Additional experiments revealed that NG1 interacts with a protein called LptA, a novel drug goal involved within the synthesis of the bacterial outer membrane. It seems that the drug works by interfering with membrane synthesis, which is fatal to cells.
Unconstrained design
In a second round of studies, the researchers explored the potential of using generative AI to freely design molecules, using Gram-positive bacteria, as their goal.
Again, the researchers used CReM and VAE to generate molecules, but this time with no constraints aside from the final rules of how atoms can join to form chemically plausible molecules. Together, the models generated greater than 29 million compounds. The researchers then applied the identical filters that they did to the candidates, but specializing in , eventually narrowing the pool right down to about 90 compounds.
They were in a position to synthesize and test 22 of those molecules, and 6 of them showed strong antibacterial activity against multi-drug-resistant grown in a lab dish. Additionally they found that the highest candidate, named DN1, was in a position to clear a methicillin-resistant (MRSA) skin infection in a mouse model. These molecules also appear to interfere with bacterial cell membranes, but with broader effects not limited to interaction with one specific protein.

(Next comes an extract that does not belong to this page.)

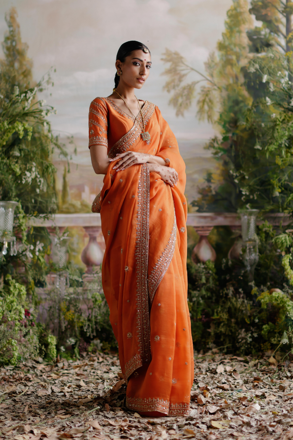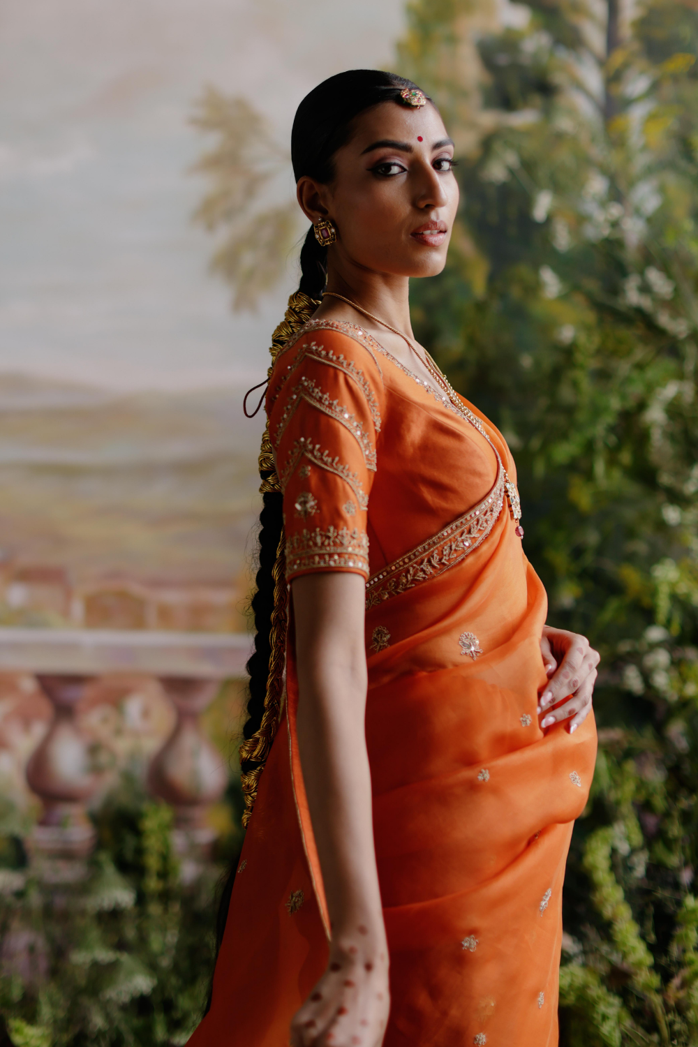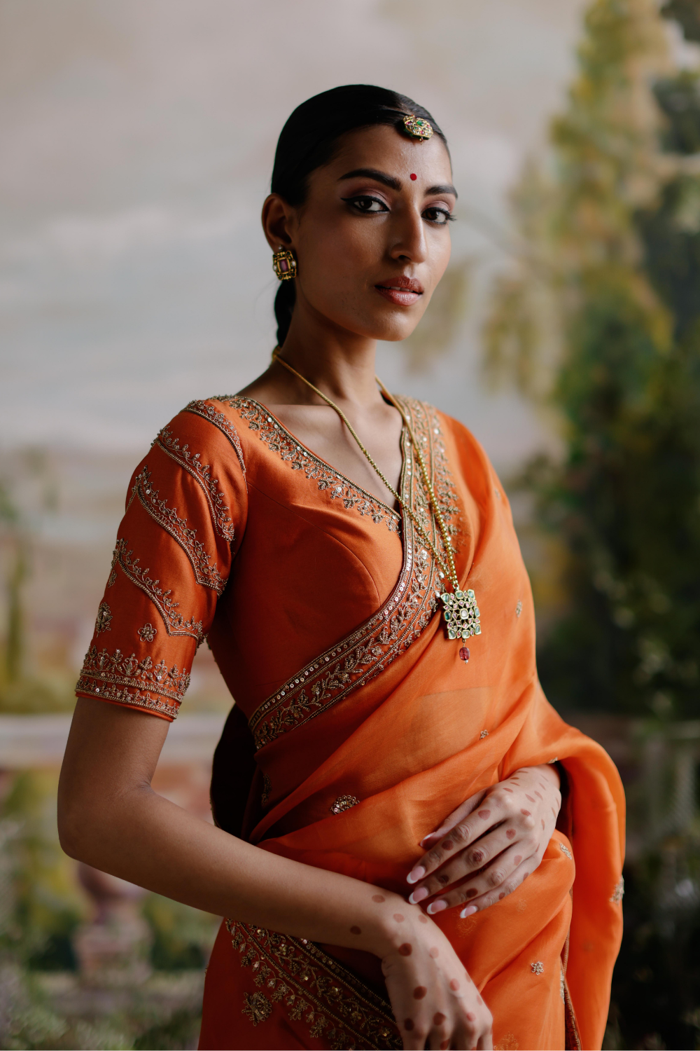 Featuring a rust orange organza saree paired with a chanderi silk blouse with antique gold dori, aari and embellished hand work.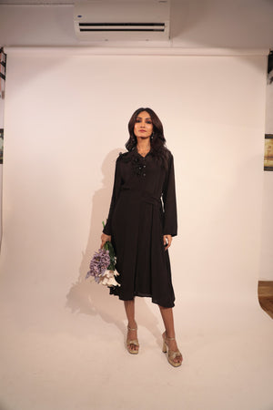 Crepe Black Dress With Flower Detailing

Phare Bio, a nonprofit that can also be a part of the Antibiotics-AI Project, is now working on further modifying NG1 and DN1 to make them suitable for extra testing.
“In a collaboration with Phare Bio, we’re exploring analogs, in addition to working on advancing the perfect candidates preclinically, through medicinal chemistry work,” Collins says. “We’re also enthusiastic about applying the platforms that Aarti and the team have developed toward other bacterial pathogens of interest, notably and .”
The research was funded, partly, by the U.S. Defense Threat Reduction Agency, the National Institutes of Health, the Audacious Project, Flu Lab, the Sea Grape Foundation, Rosamund Zander and Hansjorg Wyss for the Wyss Foundation, and an anonymous donor.